O mesmo aconteceu com o casal se apaixonando no metrô e o pregador americano fazendo um sermão anticapitalista. Todos compartilhavam aquele aspecto pixelado, quase amador, que os fazia parecer verossímeis.
Um futuro sem pistas visíveis
O problema é que esses sinais estão desaparecendo. “Tenho más notícias”, disse Matthew Stamm, professor da Universidade Drexel e diretor do Laboratório de Multimídia e Segurança da Informação, à BBC. “Prevejo que essas pistas visuais desaparecerão dos vídeos em dois anos. Não será mais possível confiar no que se vê“.
Os modelos mais avançados, como o Sora (da OpenAI) ou o Veo (Google), já produzem vídeos quase perfeitos. Diante disso, os pesquisadores estão recorrendo a métodos forenses mais sofisticados: eles rastreiam “impressões digitais estatísticas” invisíveis nos pixels, imperceptíveis ao olho humano. “Modificar um vídeo deixa rastros, como impressões digitais em uma cena de crime“, explicou Stamm.

Ao mesmo tempo, grandes empresas de tecnologia estão trabalhando em sistemas para garantir a autenticidade: câmeras que registram a origem do arquivo ou marcas d’água digitais que permitem saber se o conteúdo foi criado por IA.
Designação de origem: o valor de quem publica
Quando você não pode mais confiar nos seus olhos, confiar nas fontes se torna essencial. O especialista em alfabetização digital Mike Caulfield afirmou isso claramente em entrevista à BBC: “O vídeo se tornará algo como o texto: a procedência, e não as características superficiais, será fundamental”.
Saber quem publica um vídeo pode ser a melhor defesa contra manipulação atualmente. Um vídeo anônimo nas redes sociais não é o mesmo que uma gravação divulgada por um veículo de comunicação respeitável e rastreável. Nesse cenário, a credibilidade passa do conteúdo para o remetente ou a fonte.
A tecnologia, entre a filosofia e a política da verdade
O problema dos vídeos falsos é, em última análise, uma questão filosófica e política. Se a simples observação já não basta para discernir a verdade, a própria noção de verdade — fundamento do jornalismo, da justiça e da democracia — entra em crise.
“Acredito que este seja o maior desafio de cibersegurança do século 21”, afirmou Stamm.

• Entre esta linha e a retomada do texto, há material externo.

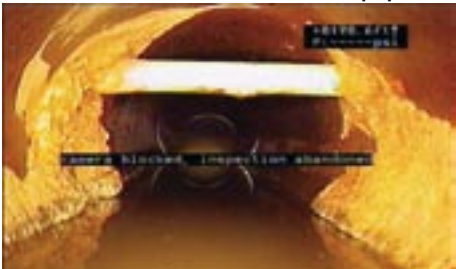
Inspection camera shows a pipe section that is blocked and damaged.

are cracked, broken or blocked by roots and vegetation. These leaks and blockages affect the systems overall performance and require constant maintenance.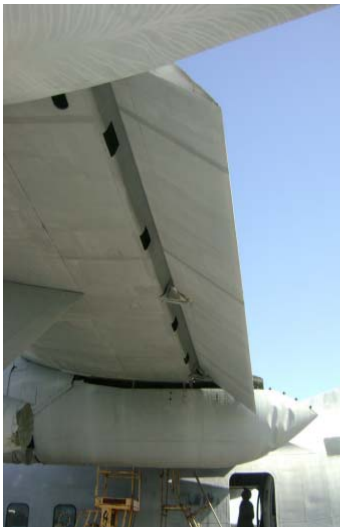
Flaps on their way up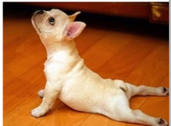
Images found on the former systems administrator's work-assigned devices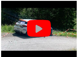
Highlights Rallye du Chablais 2022 [yann42 rallye]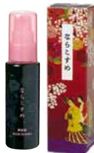
Nara Cosme Essence

通信販売0120-508-369 http://club.cosmeonline.com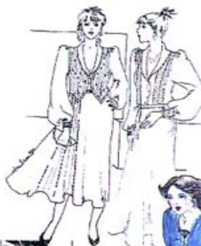
Three Piece Suit Knitted in Hobby And Silky Decorated With Woven Chenille, Viscose Ribbon And A Fancy Chenille. Standard Gauge Machines With A Weaving Facility.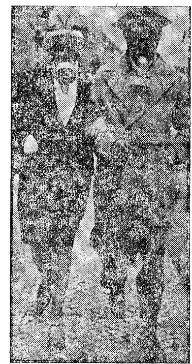
Germany, which will be ruled by a coalition government headed by a social-democrat, isn't letting any grass grow under her feet as far as preparations for the next imperialist war are concerned.

bureaucracy rules with a Mussolini-like autocracy.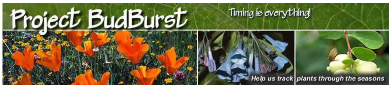
Fig. 1. On-line banner for Project BudBurst, a collaboration between the NEON program funded by the U.S. National Science Foundation and the Chicago Botanic Garden. The project also aims to integrate phenological observation programs initiated by other organizations, universities, and national laboratories.

Global climate change is already resulting in the changes in the timing of leafing, flowering, and fruiting of plants (plant phenophases) with a general lengthening of the growing season. While there have been many local records developed, there remain significant geographic gaps and gaps in the types of plants for which phenological records have been developed (Backlund et al. 2008). Project BudBurst, co-managed by National Ecological Observatory Network (NEON) of the U.S. National Science Foundation (Keller et al. 2008) and the Chicago Botanic Garden ( http://neoninc.org/budburst/_AboutBudBurst.php , accessed July 2011) is designed to address these data needs through public participation. The principle objective of NEON is establishing observational and experimental sites in 20 ecoclimatic domains in the contiguous U.S. as well as the states of Alaska and Hawaii. Project BudBurst's contribution is in expanding the number of locations and species for which information on the response to climate change is collected in the U.S. and Canada by using citizen scientists referred to as "Project BudBurst Observers." See Fig. 1.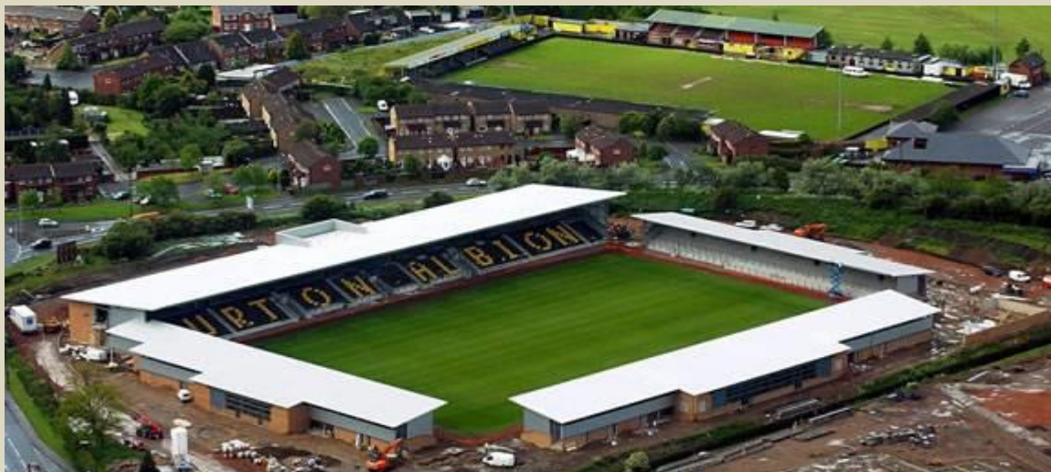
Eaton Park & Pirelli Stadium

Year Ground Opened: 2005 Undersoil Heating: No Shirt Sponsors: Tempobet Kit Manufacturer: TAG Website: www.burtonalbionfc.co.uk Programme: £3.00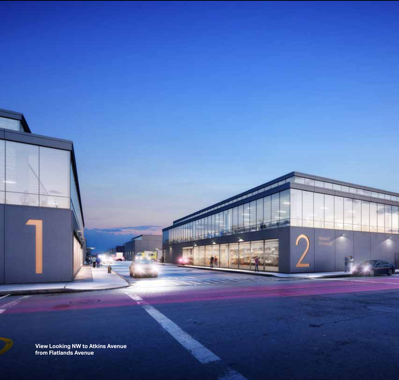
View Looking NW to Atkins Avenue from Flatlands Avenue

Brooklyn Logistics Center is located 4.6 miles from JFK Airport and 10.3 miles from Manhattan at the intersection of Flatlands and Atkins Avenues, in Brooklyn, NY. Immediate proximity to FedEx Ground and efficient regional drive times define the site's multi-borough connectivity.

Para solucioná-lo, serão necessárias tecnologia, alfabetização digital e pensamento crítico.
Entretanto, em meio a algoritmos, deepfakes e pós-verdade, o apelo à vigilância torna-se cada vez mais importante e urgente. A dúvida, como método, nunca foi tão necessária. E o pensamento crítico parece ser, hoje, a única garantia de não perder completamente o contato com a realidade.